While growing up, he remained in Ecuador with his mother, his aunt Rachel and his two siblings. Waodani tribesmen began coming in from the cold, so to speak, in the wake of the killings, which proved a cathartic last gasp of resistance to modern societal influences. By the end of the 1950s, Rachel Saint felt it was safe for her young nephew to dwell in the village she was supervising as a kind of transit point between modern and primitive societies.

The Waodani community included men who had participated in the 1956 slaughter. “Although the friendly contact that eluded my father and his friends had become a reality,” Mr. Saint observes, “there was still a possible hazard. By the traditional tribal reckoning, it would be my right and my obligation, really, once I grew up, to kill the people who had killed my father. I didn’t pose much of a threat at the age of 8, but the smart thing, from the old point of view, would have been to kill me before I became a serious threat.”

Fortunately, Mr. Saint observes, tribal sentiments had advanced beyond that point.

He clarifies a number of aspects that are neglected in the screenplay for “End of the Spear.” The movie portrays violence and retribution as pervasive among the Waodani and their rivals. According to Mr. Saint, only the Waodani remained holdouts against agents of the Ecuadorian government or missionary organizations by the mid-1950s. They also killed a number of Shell Oil employees who had been sent to survey locations for drilling sites. Their deaths put severe economic pressure on the government.

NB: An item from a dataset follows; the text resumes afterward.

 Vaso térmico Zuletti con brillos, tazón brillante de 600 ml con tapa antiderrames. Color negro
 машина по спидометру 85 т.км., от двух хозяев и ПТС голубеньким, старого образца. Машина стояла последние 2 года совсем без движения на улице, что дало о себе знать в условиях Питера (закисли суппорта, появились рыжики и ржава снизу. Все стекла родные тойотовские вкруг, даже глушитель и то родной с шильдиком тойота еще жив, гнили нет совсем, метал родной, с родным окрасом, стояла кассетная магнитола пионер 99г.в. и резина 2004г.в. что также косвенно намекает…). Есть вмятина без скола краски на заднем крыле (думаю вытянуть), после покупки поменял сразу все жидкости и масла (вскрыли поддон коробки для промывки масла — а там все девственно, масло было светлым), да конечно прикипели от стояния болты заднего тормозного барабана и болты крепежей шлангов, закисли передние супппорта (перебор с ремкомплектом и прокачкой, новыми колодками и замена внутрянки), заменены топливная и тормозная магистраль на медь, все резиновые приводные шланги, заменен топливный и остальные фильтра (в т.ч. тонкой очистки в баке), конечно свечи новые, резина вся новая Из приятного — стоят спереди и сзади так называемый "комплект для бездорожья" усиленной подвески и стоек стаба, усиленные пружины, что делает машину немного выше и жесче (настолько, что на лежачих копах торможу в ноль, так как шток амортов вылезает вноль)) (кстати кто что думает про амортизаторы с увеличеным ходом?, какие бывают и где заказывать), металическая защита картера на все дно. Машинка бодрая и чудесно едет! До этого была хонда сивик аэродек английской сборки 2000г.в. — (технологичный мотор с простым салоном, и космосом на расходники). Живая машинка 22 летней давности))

“I can document about two dozen deaths of Shell personnel,” Mr. Saint says. “It had become more and more difficult to get anybody to enter and explore the territory. I don’t know how many Waodani had been killed in retaliation or maybe self-defense. The estimated population of the entire tribe at that time was about 500. Now it’s up to 2,100.

“Although my father and his friends were certainly devout Christians and people of the Book, one of their principal motivations was to establish contact with the tribe before it became extinct — or driven so far back into the jungle that no one would know what became of them.”

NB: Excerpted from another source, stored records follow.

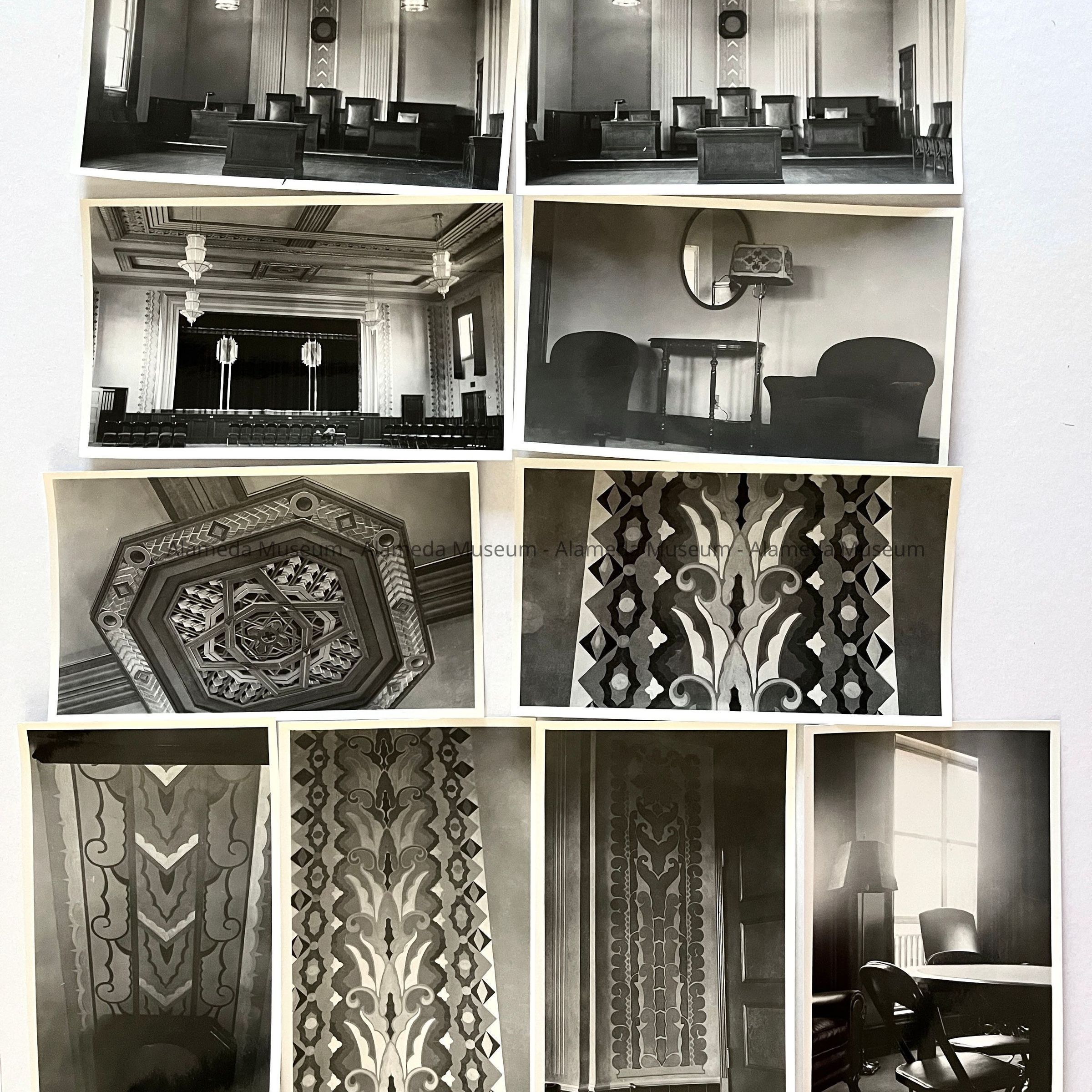 PHOTOGRAPHS OF THE INTERIOR OF WHAT APPEARS TO BE A MASONIC BUILDING, WITH DECORATIVE PLASTER WORK, PANELS, ETC., IN THE ART DECO STYLE, DESIGNED BY HENRY H MEYERS, COUNTY ARCHITECT.
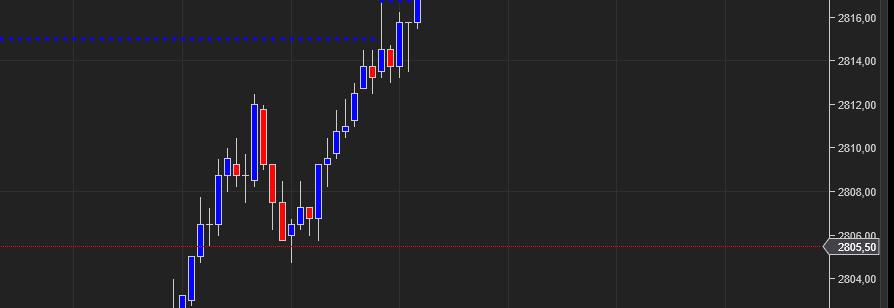 Der ES ging seit Beginn der RTH nach oben, hat auch das Vortagestief (dünne rote Linie bei 2805,50) ganz easy genommen, irgendwann haben die aggressiven Käufer doch eine Pause eingelegt, es kam zu Gewinnmitnahmen und somit zu einer Korrektur, ging runter bis ans Vortagestief, dort war Zeit genug sich die Sache in Ruhe anzusehen und mit Limitorders im Bereich 2806,50 long in den Markt zu kommen, zum Hoch des Tages (dicke blaue Linie) war mehr als genug Platz, feiner Trade, selbst für ein sehr gutes CRV war man nicht auf neue Highs angewiesen.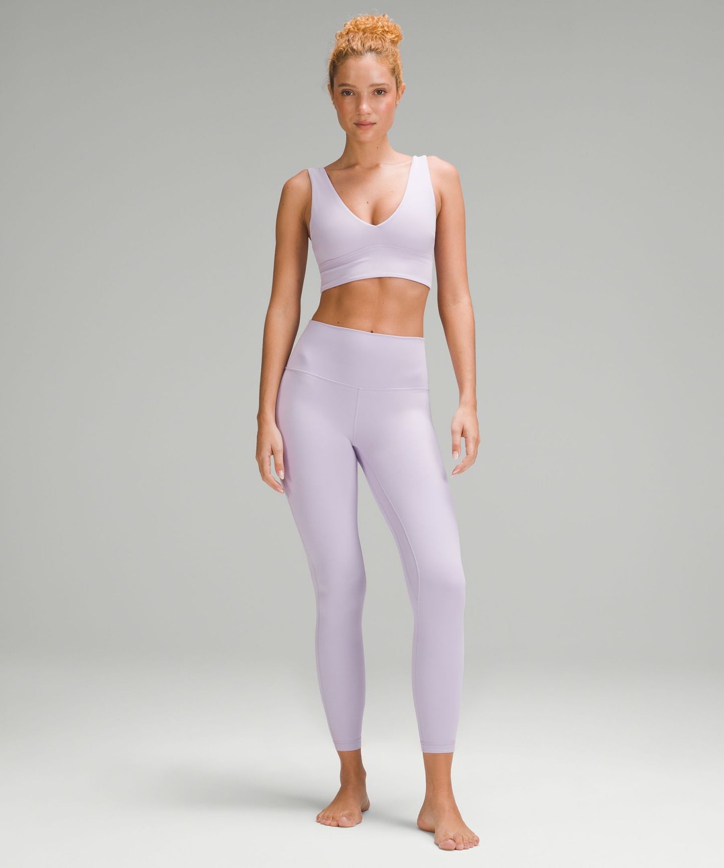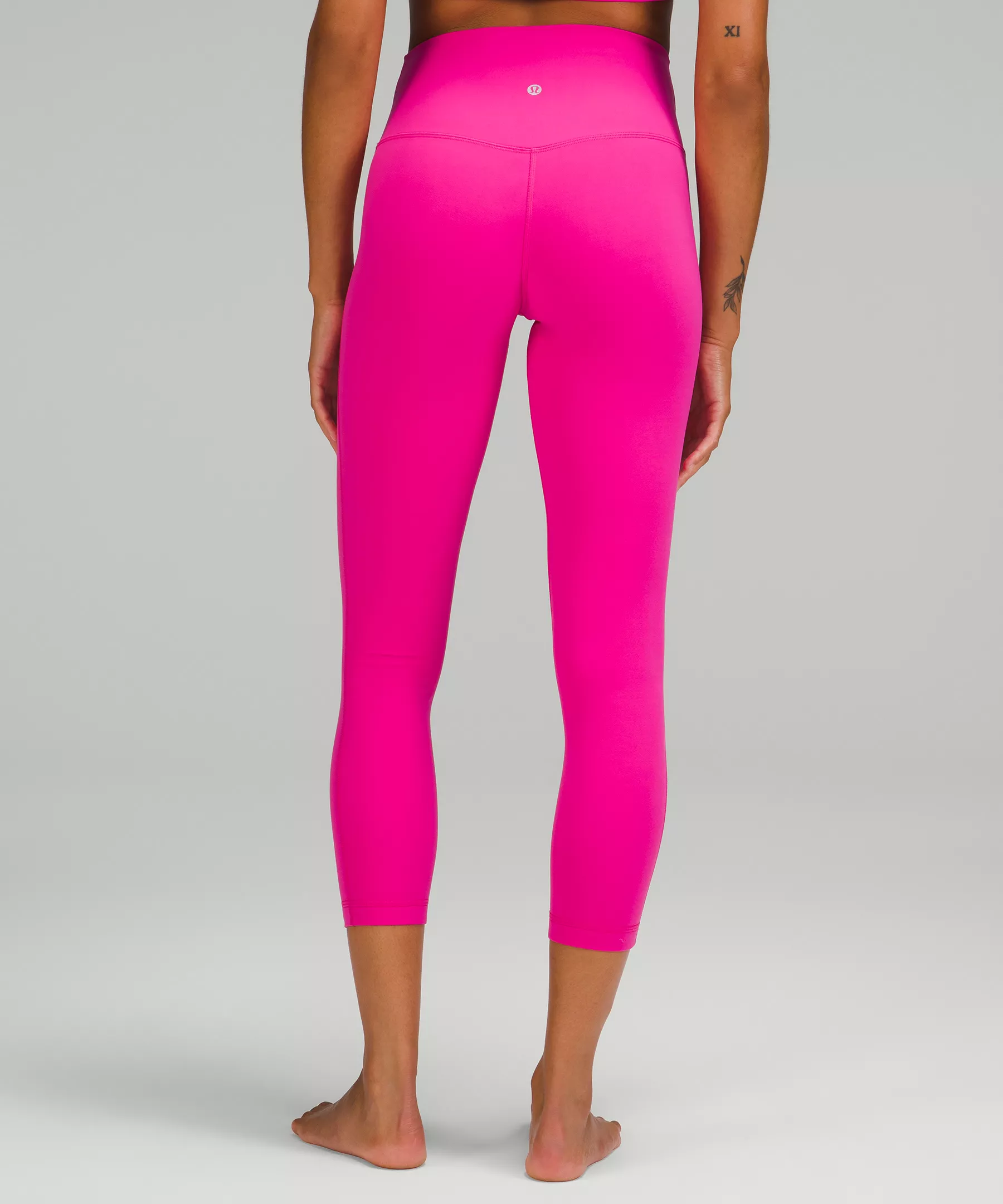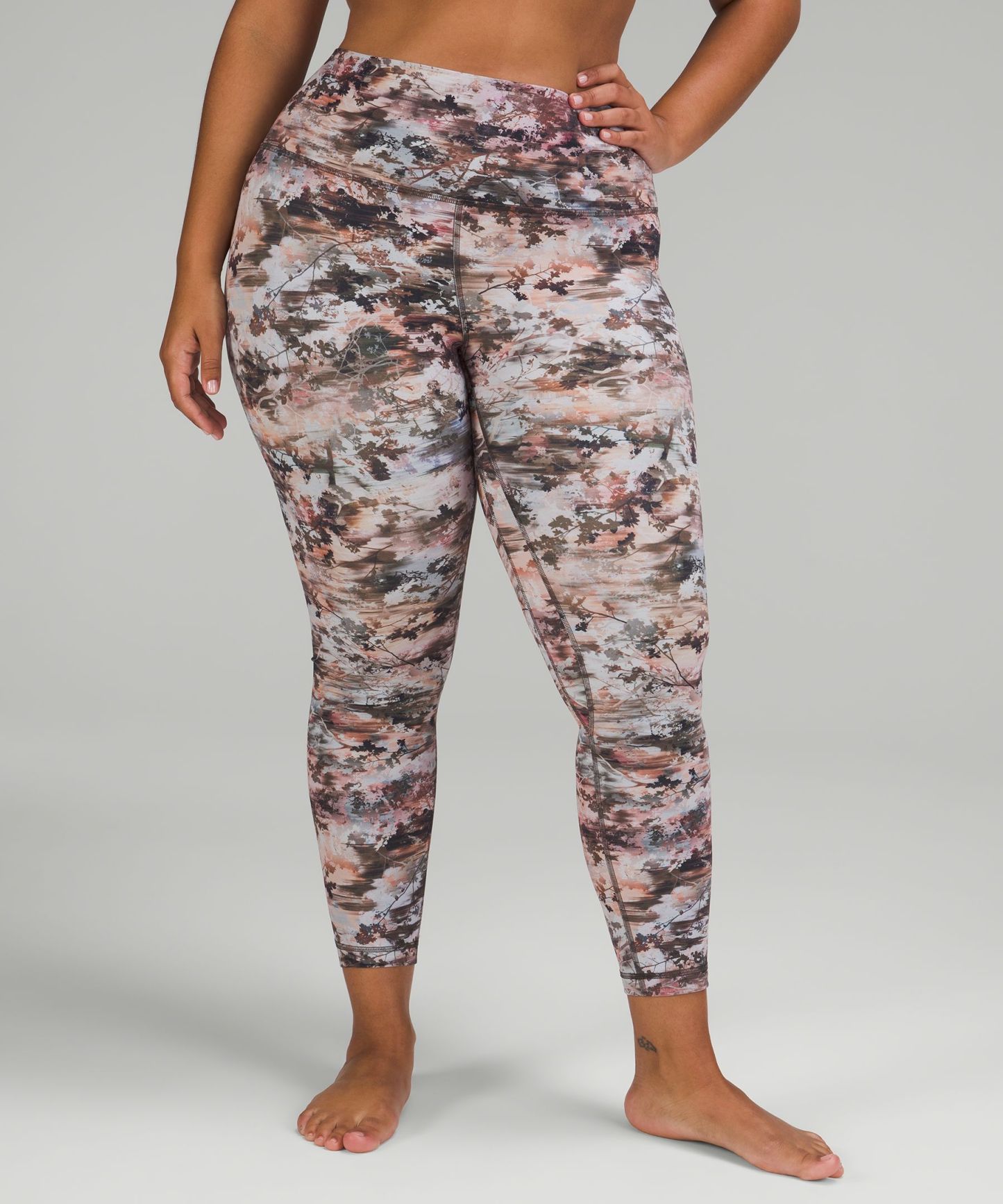 A high-rise waistband keeps you covered during forward folds and downward dogs. Our 25" length is intended to sit above your ankle.

Mr. Saint says he can’t think of a single friend among the tribesmen whose father died of natural causes. One anthropologist, he notes, estimated the homicide rate within the Waodani at 60 percent. The oldest male he can recall from when he was a boy “was probably in his early 30s.”

When his aunt died in 1994, Mr. Saint and his family returned to Ecuador for her burial. Importuned by leaders of the tribe, he agreed to remain in the community and continue her ministry in a manner of speaking. In effect, he became an idea man and business agent for the Waodani tribe, intent on developing forms of manufacture that would allow the tribe to remain intact while producing marketable goods for outsiders.

There had been earlier filmmaking overtures, rejected for one reason or another by the widows and the tribe. Finally, it was decided to trust the group responsible for “End of the Spear.” The survivors of the 1956 clash were assured that events would be depicted from both the Waodani and missionary perspectives. The tribe also will share in the film’s profits, if any.

“The film people have been extremely desirous of getting it right,” Steve Saint attests. “I think they’ve told the story well and been especially sensitive to the tribe and its needs. I was skeptical until they demonstrated a willingness to approach the Waodani directly and make their case. It worked out, and I think a lot of people are going to be affected by the movie.”